Copeland's message is powerful throughout, but “Would You Take My Blood” is the strongest statement she's ever made against racism. “You've made it clear a thousand times / that you think I'm not your kind,” she tells a hater. But then she asks that if your life was at stake and you were fading fast, would you take her life-giving fluid, or “rather die than to share your life with mine, take my hand reaching out to you.”

John Prine steps in to duet with Copeland, reprising his composition “Great Rain,” co-written with former Tom Petty and the Heartbreakers guitarist Mike Campbell, who also played on it, along with Petty, on Prine's 1991 release, Missing Years. It's Prine doing what he does best, making everyday life bearable as best he can by finding the humor in bad situations. “I tell you funny stories / Why can't you treat me nice?” he asks his presumed beloved, or perhaps it's just a temporary time-sharer. “I was praying for mercy / And all he ever sent me was you.”

It's a first for Copeland to be mentioning Hank Williams in one of her songs, but he gets a shout-out on “Smoked Ham and Peaches,” Americana-ized with Giddens' banjo clucking in the background. But Copeland's magnificent voice, muted somewhat, still stays in churchy blues mode. “When the whole world seems fake / give me something real,” she asks, but it's already here, and its her.

“Promised Myself,” with Cropper on lead, is vintage Copeland written by her daddy: deep-dish, hair-raising, soulful blues from the church of Shemekia. It's healing blues, Copeland promising herself she'll never fall in love again, but in the last chorus she admits to a relapse: “Looks like I lied to myself / Looks like true love is gonna always win ... oh Lawd have mercy now,” she wails, but it makes the pain sound mighty fine.

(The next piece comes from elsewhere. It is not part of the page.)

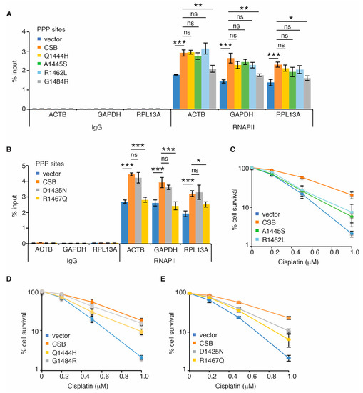 Cancer-associated R1467Q and G1484R mutations of CSB impair RNAPII pausing at PPP sites. (A) RNAPII ChIP analyses of ACTB, GAPDH and RPL13A genes in U2OS CSB-KO cells expressing the vector alone, Myc-CSB WT, Myc-CSB-Q1444H, Myc-CSB-R1462L, Myc-CSB-R1467Q or Myc-CSB-G1484R. Standard errors from three independent experiments are shown. p values were derived using the 2-way ANOVA test. * p < 0.05; ** p < 0.01; *** p < 0.001; ns: p > 0.05. (B) RNAPII ChIP analyses of ACTB, GAPDH and RPL13A genes in U2OS CSB-KO cells expressing the vector alone, Myc-CSB WT, Myc-CSB-D1425N or Myc-CSB-R1467Q. Standard errors from three independent experiments are shown. p values were derived using the 2-way ANOVA test. * p < 0.05; ** p < 0.01; *** p < 0.001; ns: p > 0.05. (C) Cisplatin clonogenic survival assays of U2OS CSB-KO cells expressing the vector alone, Myc-CSB WT, Myc-CSB-A1445S or Myc-CSB-R1462L. Standard deviations from three independent experiments are indicated. (D) Cisplatin clonogenic survival assays of U2OS CSB-KO cells expressing the vector alone, Myc-CSB WT, Myc-CSB-Q1444H or Myc-CSB-G1484R. Standard deviations from three independent experiments are indicated. (E) Cisplatin clonogenic survival assays of U2OS CSB-KO cells expressing the vector alone, Myc-CSB WT, Myc-CSB-D1425N or Myc-CSB-R1467Q. Standard deviations from three independent experiments are indicated.

If you had any doubts about her agenda, "I'm In The Blood of the Blues” takes care of that. “I'm the jewel in the crown of the mighty kings of Africa / I'm the hands on the shaft of the spear that slew the lion,” she proclaims, backing it with enough bombast to pin pack the ears of doubters.

Copeland transforms Ray Davies' composition “I'm Not Like Everybody Else” from a jangly rocker to a soulful blues, Kimbrough backing her gospel shouts with slinky slide on a tune that should be her theme song.

Although its a bit of different direction, its still the same Shemekia Copeland, heart and soul intact, a proud spokesperson for all of us.